Economic experts assess that this increase stems from structural issues, namely Indonesia’s high dependence on imported plastic raw materials, which makes domestic prices extremely vulnerable to global volatility.
“The current plastic price surge cannot be reduced merely to the impact of war or the closure of the Strait of Hormuz. That is indeed the main trigger, but the root of the problem is much deeper,” said Economic Expert M Rizal Taufikurahman when contacted by Kompas.com on Monday (6/4/2026).
Rizal stated that around 50 to 60 percent of Indonesia’s plastic raw materials still rely on imports. Meanwhile, most of these raw materials come from countries now affected by conflicts.
On the other hand, domestic capacity has not yet been able to fully meet industrial needs.
At the global level, naphtha prices, the main raw material for plastic, have surged by around 40 to 45 percent in the last month.
This increase in naphtha prices has driven up packaging plastic prices in the market by about 30 to 50 percent, particularly in the food and beverage sector.

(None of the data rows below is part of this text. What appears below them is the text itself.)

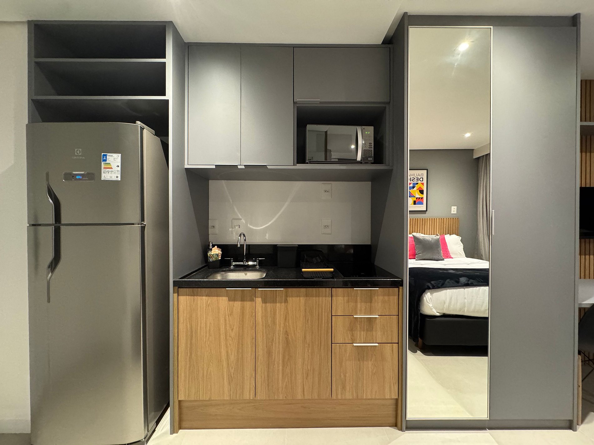 Studio charmoso e bem iluminado no coração de Pinheiros, no epicentro da vida urbana de São Paulo. Apartamento totalmente equipado para uma estadia confortável e tranquila, possui, ar-condicionado, Smart TV, Wi-Fi, Geladeira, cama Casal confortável, cozinha completa com microondas, cooktop. O empreendimento possui academia, lavanderia, minimercado e salão de jogos. A localização é estupenda são mais de 40 bares e restaurantes num raio de 1 km e 200m da estação Oscar Freire.
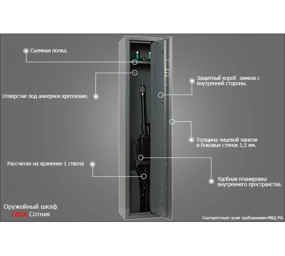 Оружейный сейф Onix Сотник на 1 ствол. Макс. высота ружья - 830 мм, 200х970х160 мм. Ключевой замок. Соответствует требованиям МВД РФ. интересное:
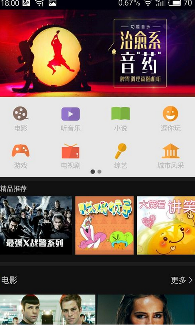 下面是【箩筐】的主界面,可以看电影,听歌,玩游戏等
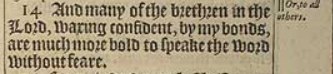 14 And many of the brethren in the Lord, waxing confident, by my bonds, are much more bold to speake the word without feare.
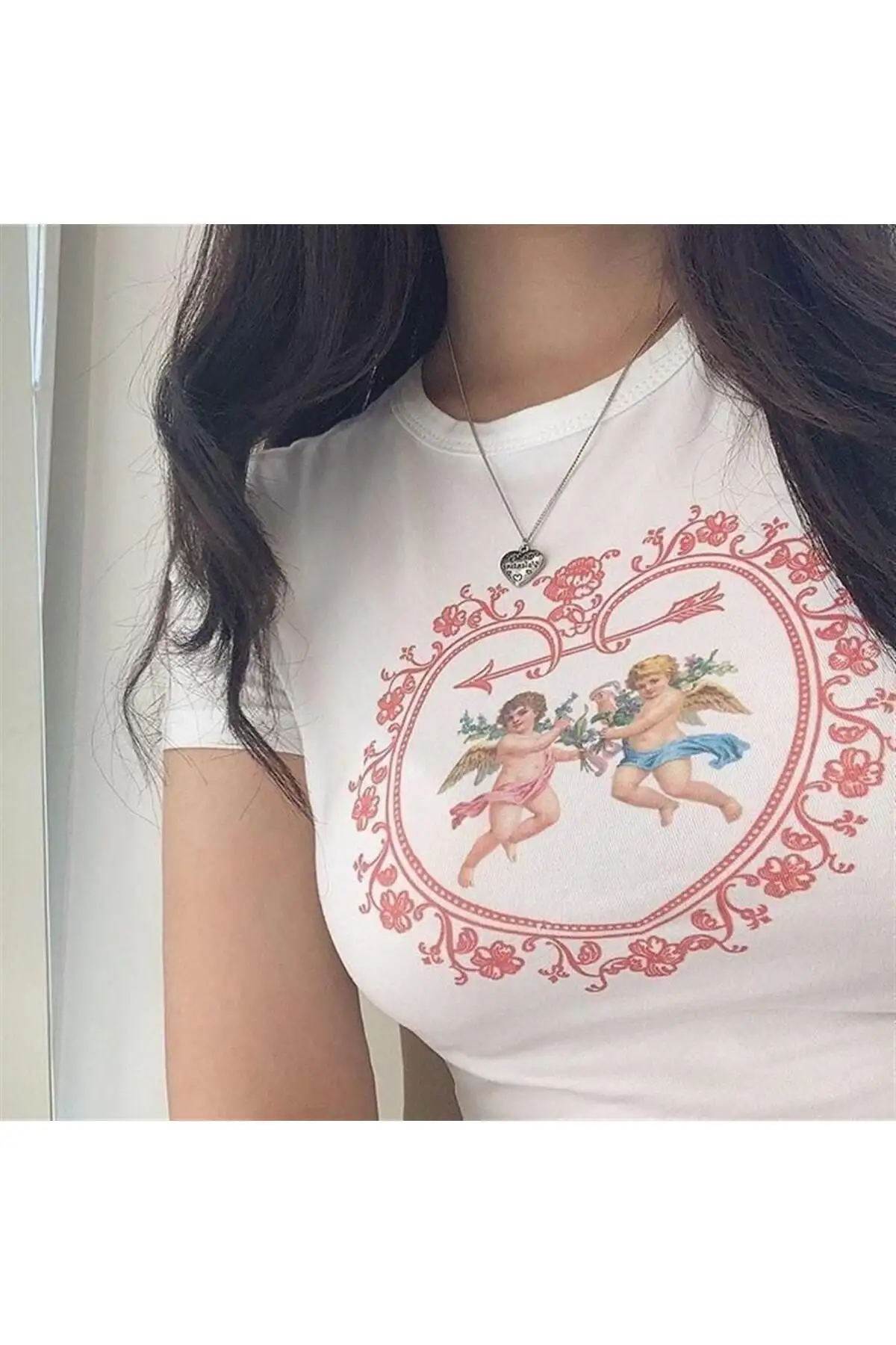 Beyaz Sword Warriror Angel Madonna Yaka Ek Askılı Kısa Kollu Full Body Crop
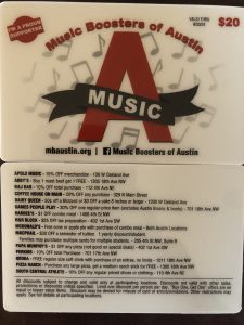 These cards include discounts to many local and national businesses in and around Austin.
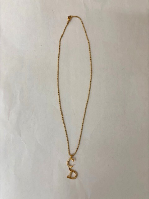 - Christian Dior/クリスチャンディオール ロゴ ゴールドカラー ラインストーン ネックレス
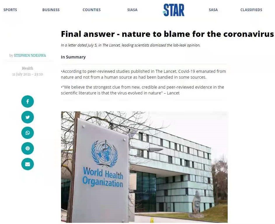 近日,肯尼亚《星报》发表学者恩德格瓦的评论文章,引用《柳叶刀》杂志发表的科学家公开信主要内容,驳斥新冠病毒“实验室泄漏”阴谋论,赞赏中国团结抗疫,呼吁各国尊重科学、集中力量和资源抗击疫情。
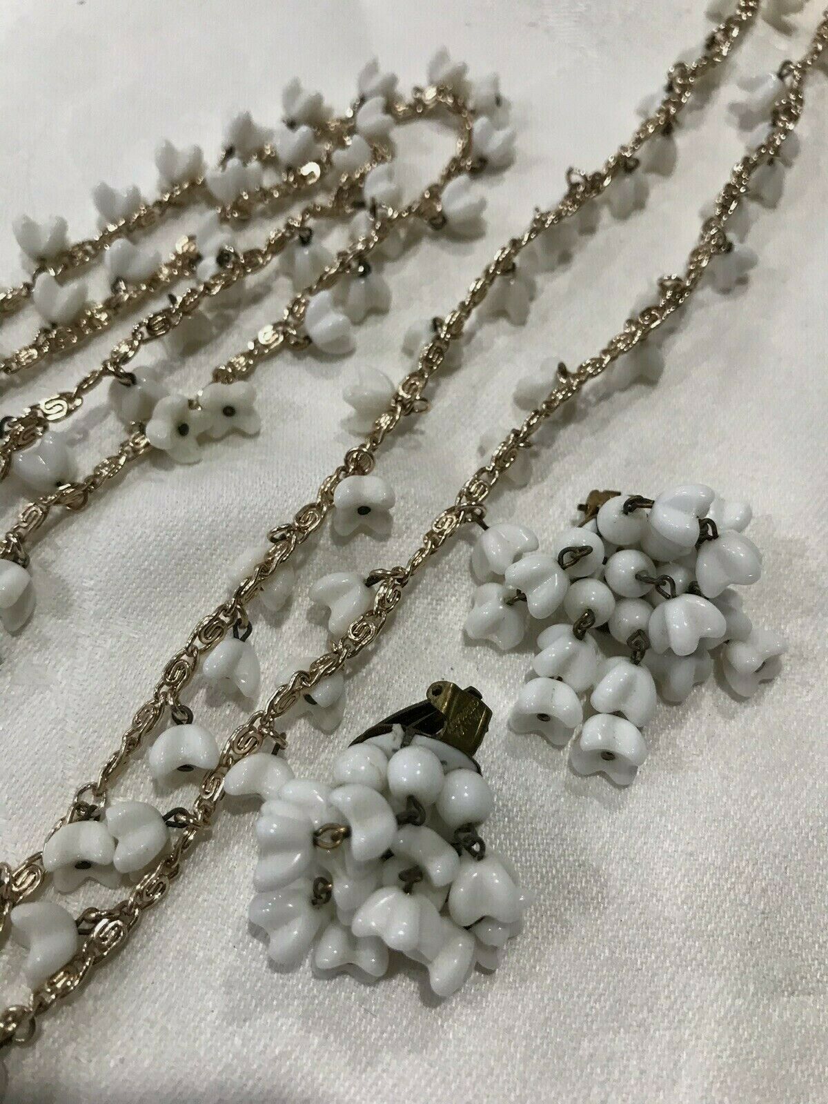 Title (ebay affiliate link): White Milk Glass Necklace Drippy Lilies W Germany Flapper Length Earrings
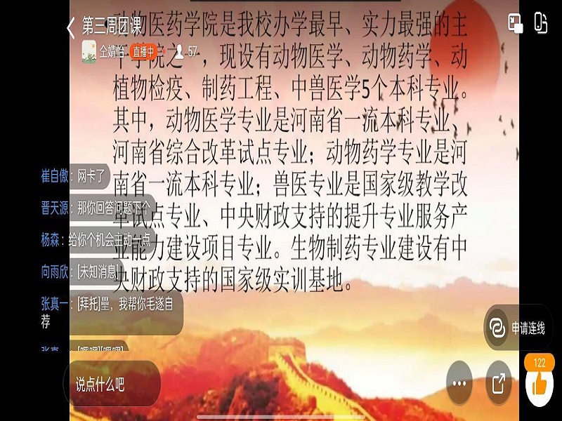 本次团课学习使同学们都深刻了解了牧院是培养人才的摇篮,流荡着社会道德的原动力,屹立着精神实质的旗子,记录着无上光荣。同学们都诚心祝愿着河南牧业经济学院发展越来越好!(文/图 关兵峰)
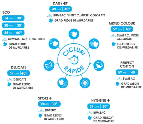 In functie de gradul de murdarire si tipul tesaturii cele 7 programe scurte iti permit sa economisesti energie si timp. Masina de spalat Candy Smart Pro are cele mai multe programe rapide din toata gama de masini de spalat de pe piata.
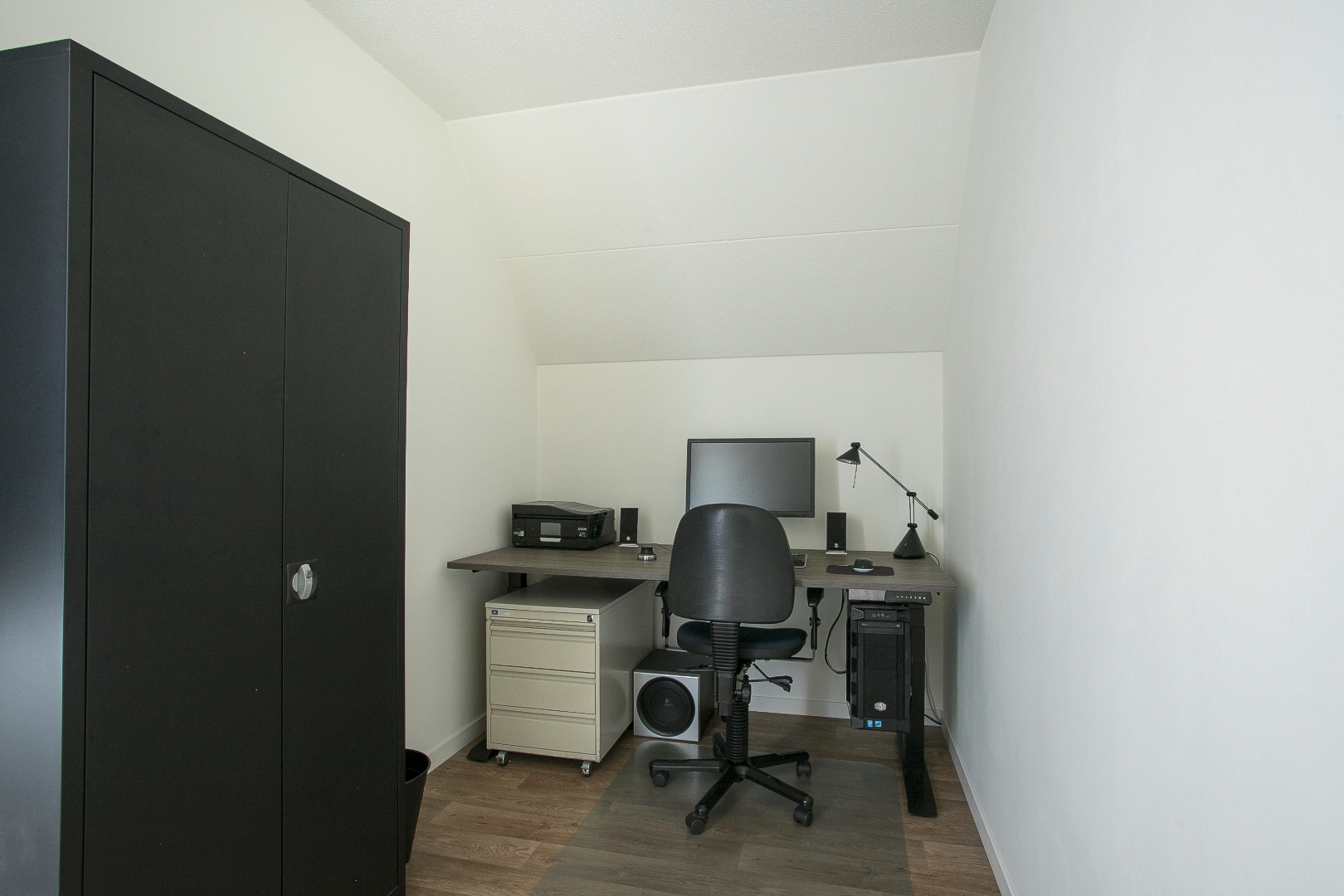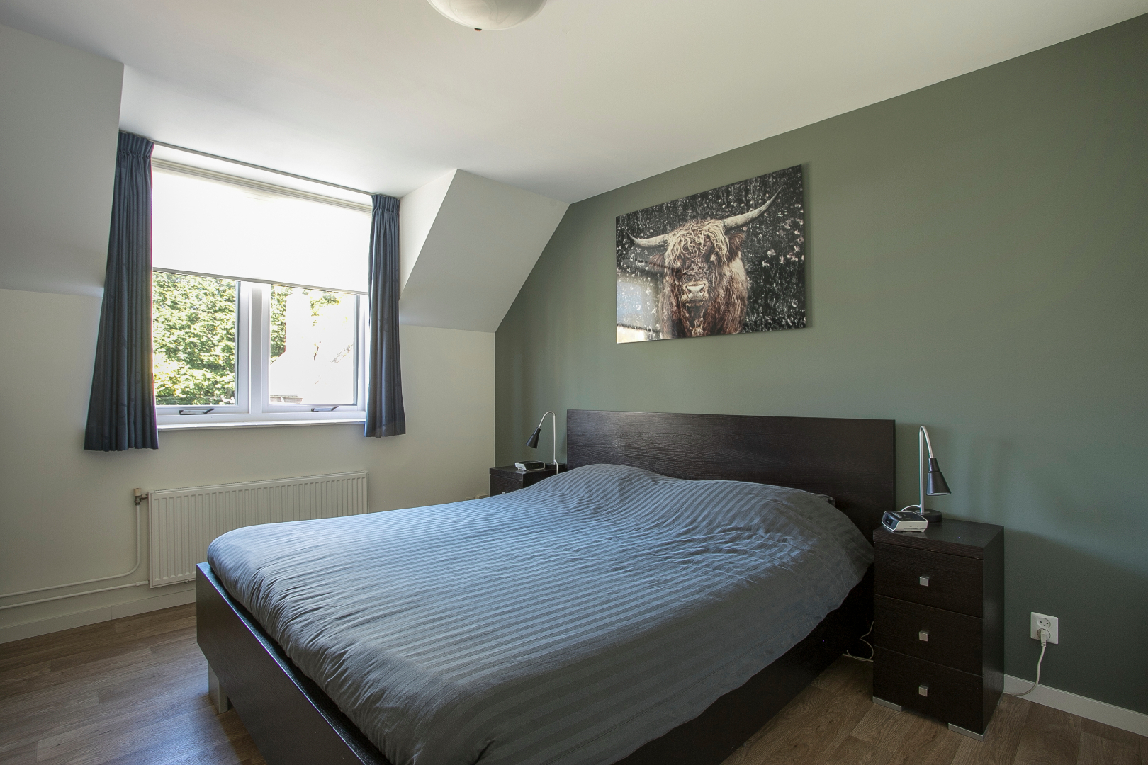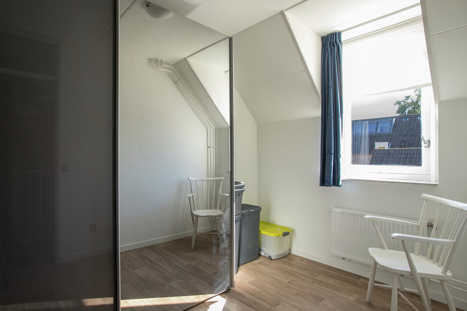 De derde slaapkamer ligt aan de achterzijde en heeft in de openslaande raam een hor en ook een vloer van vinyl.

“This shows that external shocks are directly translated into domestic pressures because our industrial structure is not yet resilient,” said Rizal.
The relationship between oil prices and plastic is very strong in the short term. When oil prices rise due to supply limitations from the closure of the Strait of Hormuz, downstream products like polyethylene and polypropylene also increase.
At the global level, the rise in these two materials has been recorded at 35 to 38 percent in the latest period.
“This causes a double shock where global prices rise and the exchange rate weakens simultaneously,” said Rizal.
The economic expert warned that the plastic price increase is not temporary and should not be taken lightly.
Global supply chain disruptions due to conflicts not only affect distribution but also production, including disruptions to oil refineries in the conflict-ridden Middle East region.